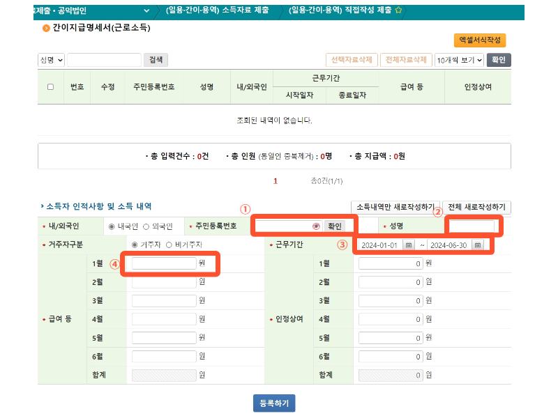 3. 일용 ·간이 ·용역 소득자료 제출 클릭
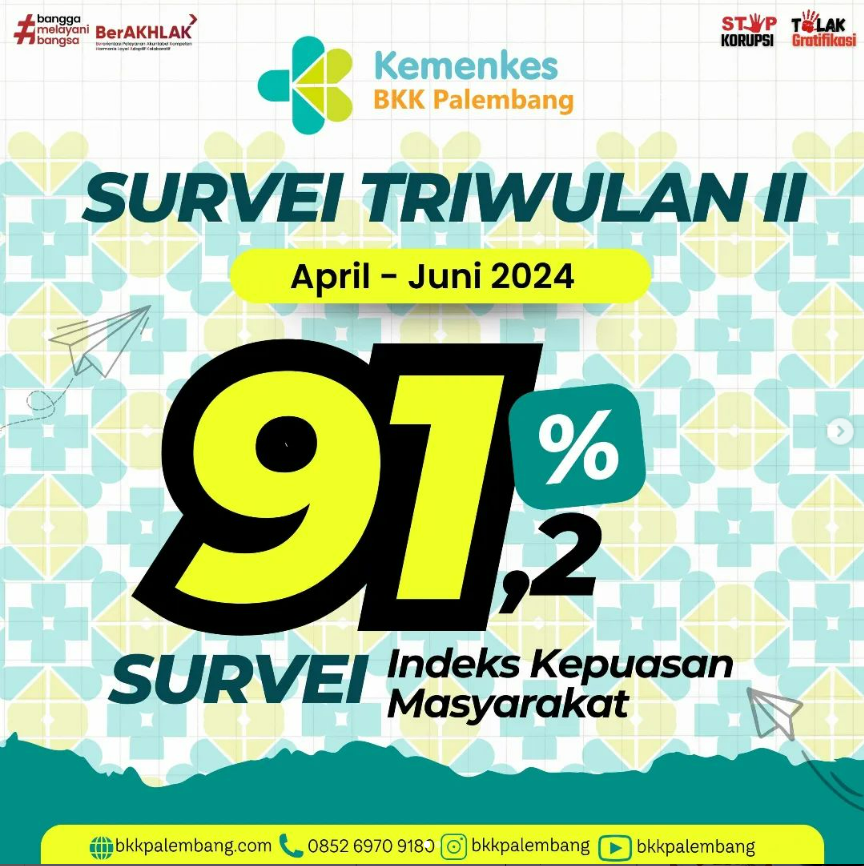 Indeks Kepuasan Masyarakat dari Survei Kepuasan Masyarakat dan IPAK-IPKP di semua Unit Layanan Publik Balai Kekarantinaan Kesehatan Kelas I Palembang Triwulan II telah selesai dilakukan penilaian. Untuk hasil IKM SKM didapatkan indeks 91,2%, IKM IPAK 91,25% dan IKM IPKP 91,32%.
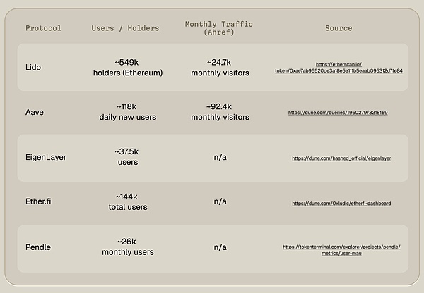 我们在 DeFi Llama 按 TVL 排序锁定前五大协议,并借助公开数据源统计各自的用户地址数。由于链上尚无统一标准来精确去重,我们仅依赖可获得的公开信息做近似估算。

What you should do: Would you restate all of the data above word for word, omitting the pictures?

Solution to the problem:
 3. 일용 ·간이 ·용역 소득자료 제출 클릭
 Indeks Kepuasan Masyarakat dari Survei Kepuasan Masyarakat dan IPAK-IPKP di semua Unit Layanan Publik Balai Kekarantinaan Kesehatan Kelas I Palembang Triwulan II telah selesai dilakukan penilaian. Untuk hasil IKM SKM didapatkan indeks 91,2%, IKM IPAK 91,25% dan IKM IPKP 91,32%.
 我们在 DeFi Llama 按 TVL 排序锁定前五大协议,并借助公开数据源统计各自的用户地址数。由于链上尚无统一标准来精确去重,我们仅依赖可获得的公开信息做近似估算。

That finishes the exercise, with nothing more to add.